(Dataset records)
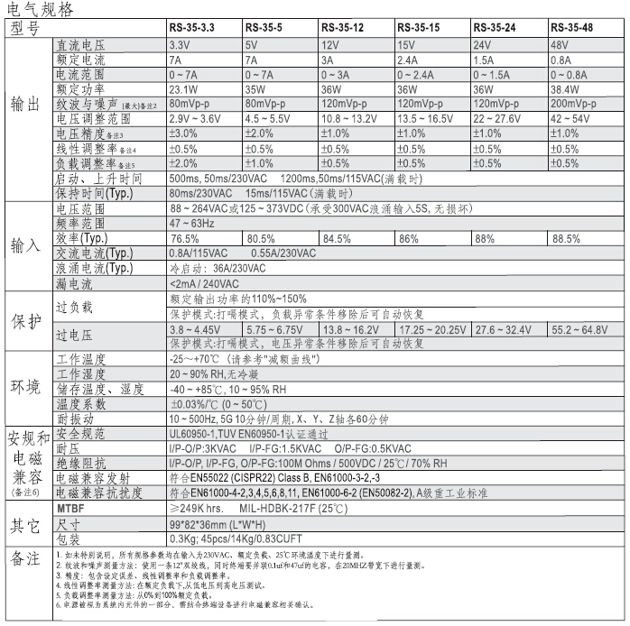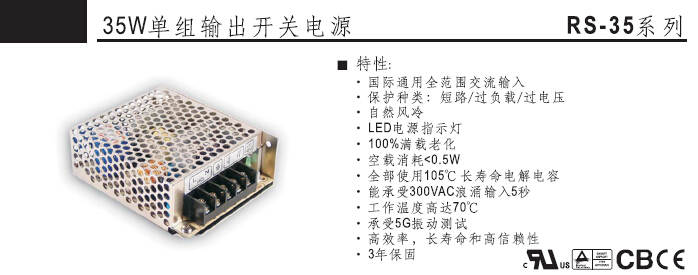 国际通用全范围交流输入;保护种类:短路/过负载/过电压;自然风冷;LED电源指示灯;100%满载老化;空载消耗<0.5W;全部使用105°C长寿命电解电容;能承受300VAC浪涌输入5秒;工作温度高达70°C;承受5G振动测试;高效率,长寿命和高信赖性;3年保固.
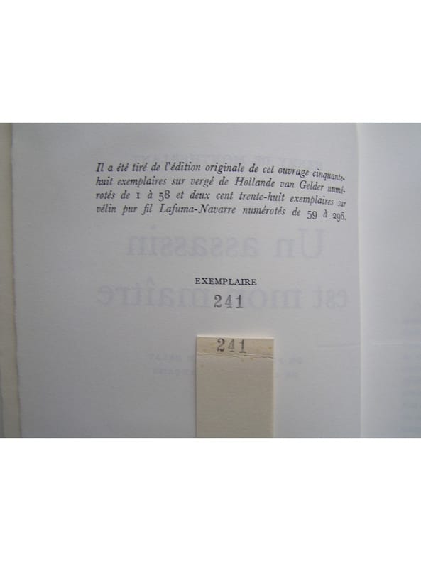 461 – MONTHERLANT Henry de : Un assassin est mon maître. Gallimard Paris 1971. E.O. L’un des 238 ex. sur Pur fil, 2ème papier. Broché in-8, état de neuf –
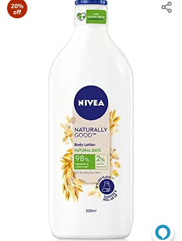 Nivea Naturally Good, Natural Oats Body Lotion, For Dry to Very Dry Skin, No Parabens, 98% Natural Origin Ingredients, 350 ml
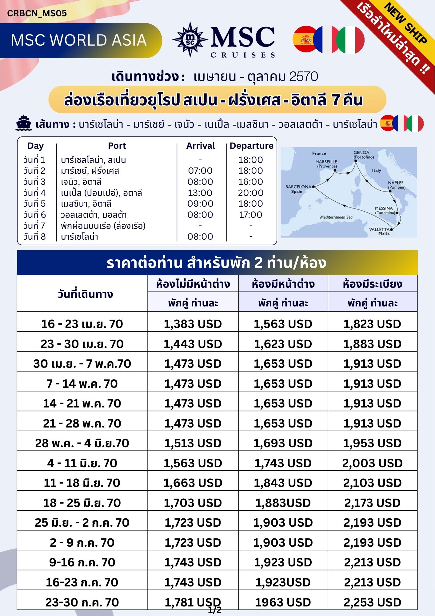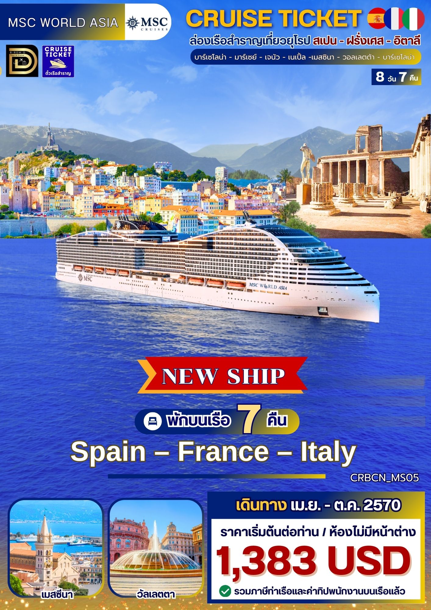 วันที่เดินทาง เม.ย. - ต.ค. 2570 กับเรือ MSC WORLD ASIA เป็นเรือสำราญสุดหรูระดับโลก เส้นทางบาร์เซโลน่า - มาร์เซย์ - เจนัว - เนเปิ้ล -เมสซินา - วอลเลตต้า - บาร์เซโลน่า
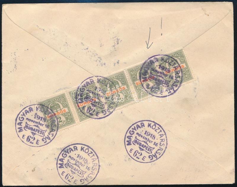 1918 Díjkiegészített díjjegyes boríték, rajta Sürgős ötöscsík "MAGYAR KÖZTÁRSASÁG BUDAPEST" alkalmi bélyegzés + levélzáró / PS-cover with additional franking and special cancellation + label (Image)(Image 1)
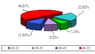 Рисунок 1. Структура сотрудников специализированной коррекционной школы-интерната по возрасту По данным рисунка 1 видно, что сотрудники школы-интерната для глухих детей в возрасте старше 46 лет (предпенсионного и пенсионного возраста) более 70% (71,43%). Молодые сотрудники и специалисты в структуре персонала составляют всего 7,14%. Данные анкетного опроса показали, что среди работников специализированной школы-интерната № 4, преобладают специалисты с высшим образованием (66,67%).
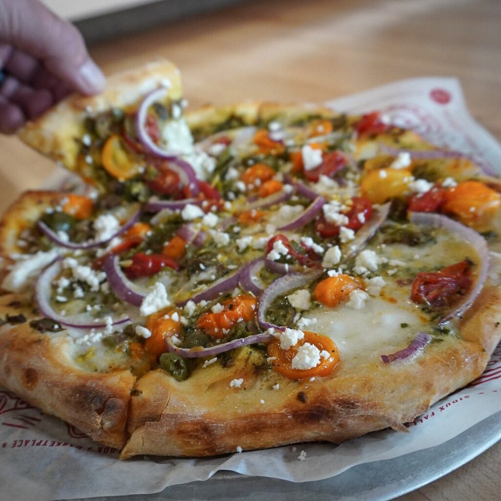 The featured pizza of the month at Look’s Marketplace is The Pesto Pie. The hand-tossed crust is topped with almond pesto, Greek olive, red onion, feta, fresh mozzarella, lemon and cherry tomatoes.
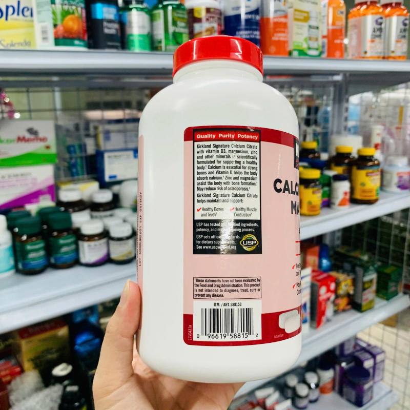💖 Viên uống Kirkland Calcium Citrate Magnesium and Zinc - 500 Viên là lựa chọn hoàn hảo cho những ai muốn bổ sung canxi, magie, kẽm và vitamin D3 để hỗ trợ xương chắc khỏe, phòng ngừa loãng xương và tăng cường sức khỏe tổng thể.
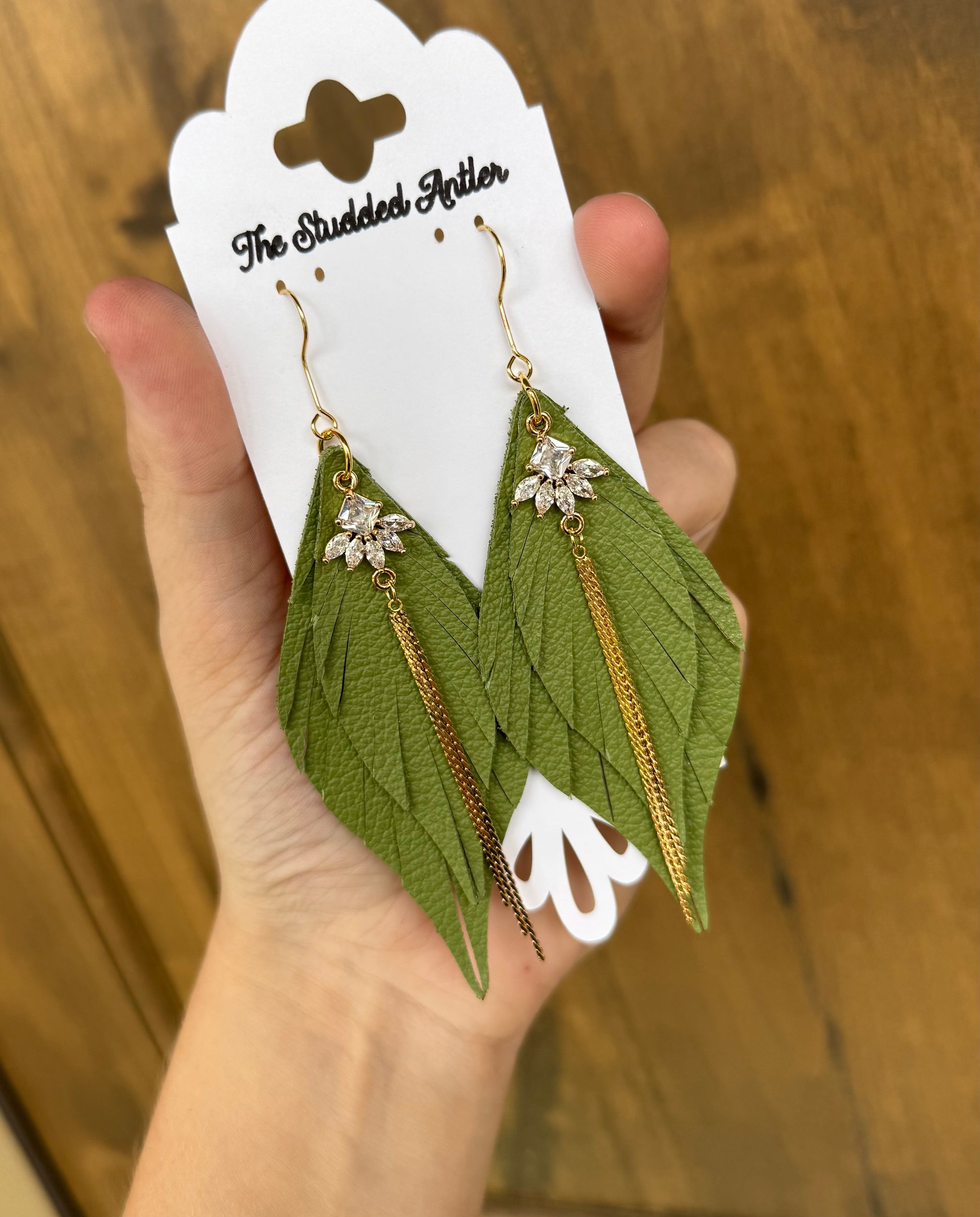 Light olive green leather earrings - Handmade Hypoallergenic Leather Earrings with gold rhinestone tassels
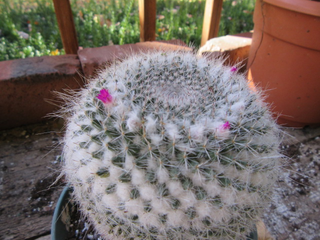 After the “F”, temperatures warmed up for a few days again. This always happens. The cactus were giving me dirty looks so I put them outside for a few days. I noticed the Mammillaria hahniana had a few buds.
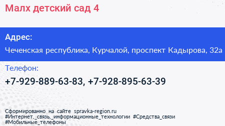Малх, детский сад №4 по адресу Чеченская республика, Курчалой, проспект Кадырова, 32а в дальнейшем Организация, размещена в следующих категориях:
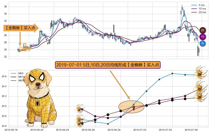 ⚀ 2019-07-01日显现 5日-10日-20日均线 【金蜘蛛】买入点 看多信号,后市看涨,买入

__What you need to do__.
Reproduce, with no pictures, the lines from the one containing "a few buds." to the end of the records above, exactly and inclusively.

__Answer space__.
 After the “F”, temperatures warmed up for a few days again. This always happens. The cactus were giving me dirty looks so I put them outside for a few days. I noticed the Mammillaria hahniana had a few buds.
Малх, детский сад №4 по адресу Чеченская республика, Курчалой, проспект Кадырова, 32а в дальнейшем Организация, размещена в следующих категориях:
 ⚀ 2019-07-01日显现 5日-10日-20日均线 【金蜘蛛】买入点 看多信号,后市看涨,买入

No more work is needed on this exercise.